Edward Guerra Kodatt speaks during a committee hearing on the Southwest Side to decide who will take over for Illinois’ former Speaker of the House Mike Madigan as state representative on Sunday.

Ashlee Rezin Garcia/Chicago Sun-Times file

Former state Rep. Edward Guerra Kodatt on Friday declined to take the nearly $6,000 in salary he was entitled to for only two days of work, the state comptroller’s office said.

Comptroller Susana Mendoza had called on Kodatt, who stepped down just three days after being appointed to succeed Mike Madigan in the Illinois House, to decline the $5,788.66 he had coming to him.

Even though Kodatt served less than a full week, introduced no bills, took no votes and attended no legislative sessions, he was entitled to a full month’s salary under state law.

But Kodatt sent an email to the comptroller’s office, taking a pass on the pay.

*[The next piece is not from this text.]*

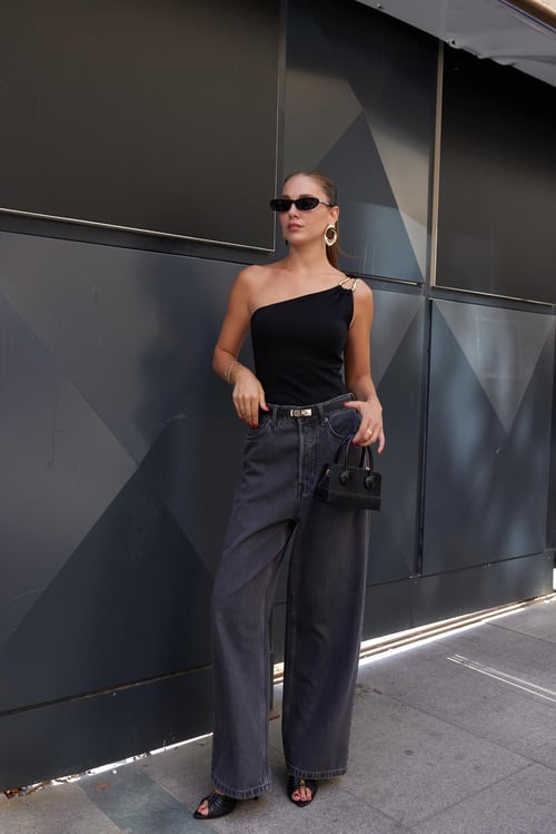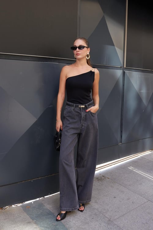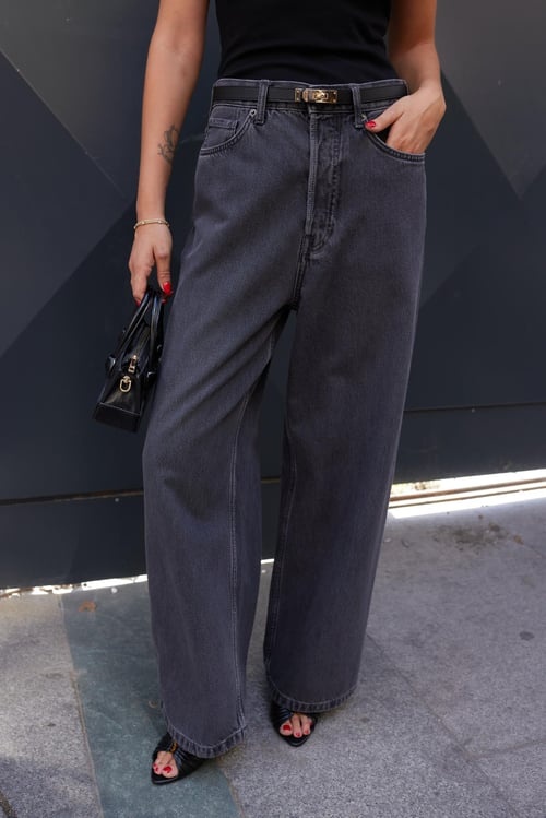 Deze wijde high-waist jeans met rechte pijpen accentueert je taille en past bij elke look. Perfect te combineren met T-shirts, blouses of crop tops en af te maken met sneakers of sandalen.

“In the spirit of good governance and in the best interest of the people of the state of Illinois I decline the one month salary to which I am entitled by law,” he wrote.

Kodatt, 26, did not respond to a request for comment.

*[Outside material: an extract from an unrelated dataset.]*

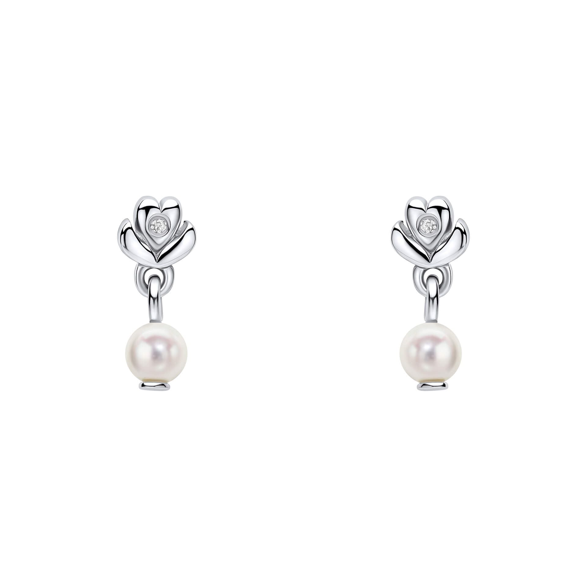 Celebrate life’s precious moments with these stud earrings, beautifully crafted from recycled sterling silver with a radiant platinum plating. Designed with a delicate heart-shaped flower bud, each earring features a twinkling diamond at its centre, while a lustrous freshwater pearl gently sways below, adding a touch of timeless elegance.

Mendoza also called on Kodatt’s successor — newly appointed state Rep. Angelica Guerrero-Cuellar — to refuse the full month’s salary she’s entitled to under state law. Guerrero-Cuellar was appointed Thursday, with just two business days left in the month.

Angelica Guerrero-Cuellar was sworn in Thursday to fill the Illinois House of Representatives seat held by former House Speaker Mike Madigan.

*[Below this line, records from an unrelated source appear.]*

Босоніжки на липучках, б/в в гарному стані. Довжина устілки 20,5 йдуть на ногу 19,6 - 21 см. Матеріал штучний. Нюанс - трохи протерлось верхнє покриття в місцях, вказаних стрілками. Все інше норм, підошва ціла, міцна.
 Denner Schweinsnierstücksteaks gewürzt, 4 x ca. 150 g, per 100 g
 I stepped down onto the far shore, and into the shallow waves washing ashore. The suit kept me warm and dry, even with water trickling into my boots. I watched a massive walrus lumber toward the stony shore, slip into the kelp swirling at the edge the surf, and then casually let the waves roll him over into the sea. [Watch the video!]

Angelica Guerrero-Cuellar was sworn in Thursday to fill the Illinois House of Representatives seat held by former House Speaker Mike Madigan.

Ashlee Rezin Garcia/Sun-Times file

Mendoza noted that Madigan had already received his final paycheck for “representing the 22nd District for most of the month of February.

“Taxpayers should not have to pay three different representatives three full months’ salary for the same seat for the same month,” the comptroller said in a news release.

Guerrero-Cuellar didn’t immediately respond to a request for comment about the salary.

Controlling the majority of the weighted vote needed to make the appointment, Madigan initially tapped Kodatt on Sunday. But two days later, the former House speaker issued a statement with Ald. Marty Quinn (13th), urging Kodatt to step down.

“After learning of alleged questionable conduct by Mr. Kodatt, it was suggested that he resign as state representative for the 22nd District,” the statement reads. “We are committed to a zero tolerance policy in the workplace.”

Former House Speaker Michael Madigan walks away from reporters after a committee hearing on the Southwest Side in February.

Former House Speaker Michael Madigan walks away from reporters after a committee hearing on the Southwest Side on Thursday.

Ashlee Rezin Garcia/Sun-Times file

The statement did not provide details on those allegations.

On Thursday, Madigan and four other members of the Cook County Democratic Party picked Guerrero-Cuellar to succeed Kodatt.

The 13th Ward Democratic committeeperson declined to elaborate Thursday on Kodatt’s appointment or departure.

“The events developed as they developed,” Madigan said. “I’m anxious to move forward with Angie Guerrero-Cuellar.”